→ Data entries:
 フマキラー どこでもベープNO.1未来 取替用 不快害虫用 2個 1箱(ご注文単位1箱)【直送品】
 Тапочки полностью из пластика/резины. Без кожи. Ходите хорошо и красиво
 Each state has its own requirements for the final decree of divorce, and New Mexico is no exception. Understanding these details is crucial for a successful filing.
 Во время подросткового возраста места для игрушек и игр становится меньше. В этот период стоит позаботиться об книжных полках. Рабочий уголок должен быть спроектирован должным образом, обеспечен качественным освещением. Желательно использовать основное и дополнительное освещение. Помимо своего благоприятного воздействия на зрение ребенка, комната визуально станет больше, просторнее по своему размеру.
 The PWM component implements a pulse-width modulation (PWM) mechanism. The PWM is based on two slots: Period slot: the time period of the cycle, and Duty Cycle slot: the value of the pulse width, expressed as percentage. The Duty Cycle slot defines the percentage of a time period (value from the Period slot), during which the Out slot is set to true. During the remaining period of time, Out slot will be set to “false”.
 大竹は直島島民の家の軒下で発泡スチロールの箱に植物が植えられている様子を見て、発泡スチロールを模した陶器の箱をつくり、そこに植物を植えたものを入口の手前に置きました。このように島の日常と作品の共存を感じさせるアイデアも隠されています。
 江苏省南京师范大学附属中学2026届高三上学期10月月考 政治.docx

...

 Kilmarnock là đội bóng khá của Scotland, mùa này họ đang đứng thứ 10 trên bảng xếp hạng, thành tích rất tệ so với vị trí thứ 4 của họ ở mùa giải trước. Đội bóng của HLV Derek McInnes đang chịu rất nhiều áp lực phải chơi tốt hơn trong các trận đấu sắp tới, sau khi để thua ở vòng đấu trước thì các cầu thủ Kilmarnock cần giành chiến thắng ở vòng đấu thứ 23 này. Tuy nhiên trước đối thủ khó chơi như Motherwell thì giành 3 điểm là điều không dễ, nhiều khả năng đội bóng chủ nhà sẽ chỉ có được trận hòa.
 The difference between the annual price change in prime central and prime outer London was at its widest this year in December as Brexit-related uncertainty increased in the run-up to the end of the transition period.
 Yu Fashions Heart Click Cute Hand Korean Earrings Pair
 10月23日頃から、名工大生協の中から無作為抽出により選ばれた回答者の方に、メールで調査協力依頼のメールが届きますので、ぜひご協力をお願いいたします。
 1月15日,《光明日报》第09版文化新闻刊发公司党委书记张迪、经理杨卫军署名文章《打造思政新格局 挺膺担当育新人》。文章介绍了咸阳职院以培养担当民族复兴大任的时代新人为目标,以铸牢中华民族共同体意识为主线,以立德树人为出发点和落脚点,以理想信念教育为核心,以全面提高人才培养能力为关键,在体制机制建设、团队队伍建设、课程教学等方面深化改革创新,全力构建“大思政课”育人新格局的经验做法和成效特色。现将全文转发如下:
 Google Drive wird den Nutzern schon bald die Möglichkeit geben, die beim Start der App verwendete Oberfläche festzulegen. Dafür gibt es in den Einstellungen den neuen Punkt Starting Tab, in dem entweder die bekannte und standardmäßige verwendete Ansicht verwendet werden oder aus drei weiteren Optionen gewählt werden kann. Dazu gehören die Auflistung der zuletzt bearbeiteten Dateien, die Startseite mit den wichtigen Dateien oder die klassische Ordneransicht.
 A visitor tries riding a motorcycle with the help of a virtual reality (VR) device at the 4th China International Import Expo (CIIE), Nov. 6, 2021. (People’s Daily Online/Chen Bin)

→ Your objective: Look above for lines with the word "period" and copy them all.

→ Exercise answer:
 The PWM component implements a pulse-width modulation (PWM) mechanism. The PWM is based on two slots: Period slot: the time period of the cycle, and Duty Cycle slot: the value of the pulse width, expressed as percentage. The Duty Cycle slot defines the percentage of a time period (value from the Period slot), during which the Out slot is set to true. During the remaining period of time, Out slot will be set to “false”.
 The difference between the annual price change in prime central and prime outer London was at its widest this year in December as Brexit-related uncertainty increased in the run-up to the end of the transition period.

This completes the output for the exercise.